== Information supplied ==

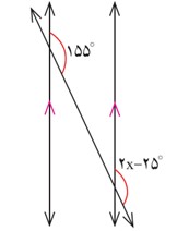 \(\begin{array}{l}2x - {25^ \circ } = {155^ \circ }\\\\ \Rightarrow 2x = {180^ \circ }\\\\ \Rightarrow x = {90^ \circ }\end{array}\)
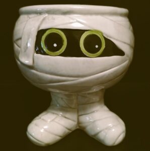 For the first time I could see my visitor clearly. Poor chap had obviously been involved in a dreadful accident; bandages swathed him from head to toe. His eyes glowed red from slits cut in the rotten fabric.
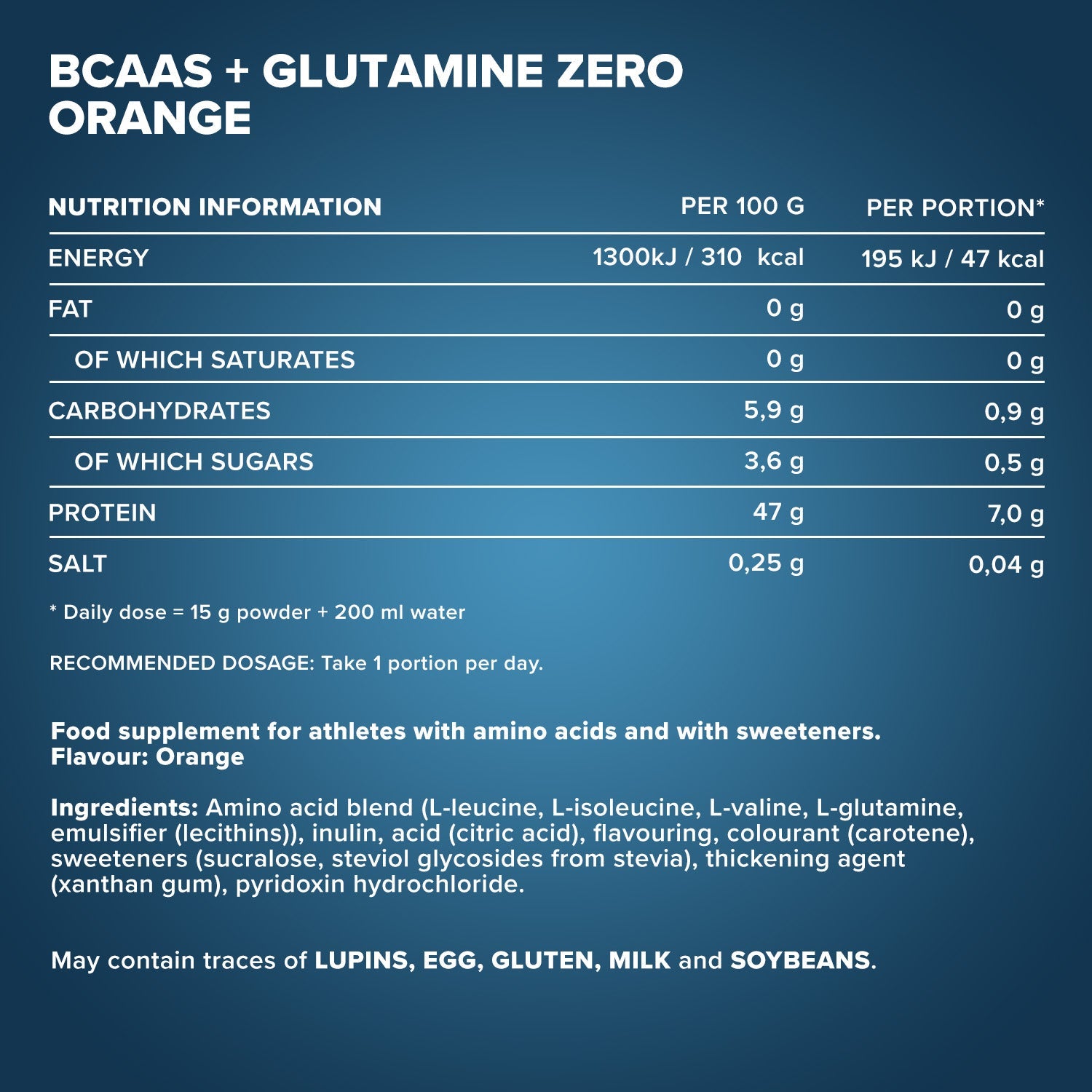 - Combinaison optimale 2:1:1 de BCAA, de poudre de glutamine et

===

§ What this task involves
The lines above must be transcribed exactly, with every picture left out.

§ Exercise result
 \(\begin{array}{l}2x - {25^ \circ } = {155^ \circ }\\\\ \Rightarrow 2x = {180^ \circ }\\\\ \Rightarrow x = {90^ \circ }\end{array}\)
 For the first time I could see my visitor clearly. Poor chap had obviously been involved in a dreadful accident; bandages swathed him from head to toe. His eyes glowed red from slits cut in the rotten fabric.
 - Combinaison optimale 2:1:1 de BCAA, de poudre de glutamine et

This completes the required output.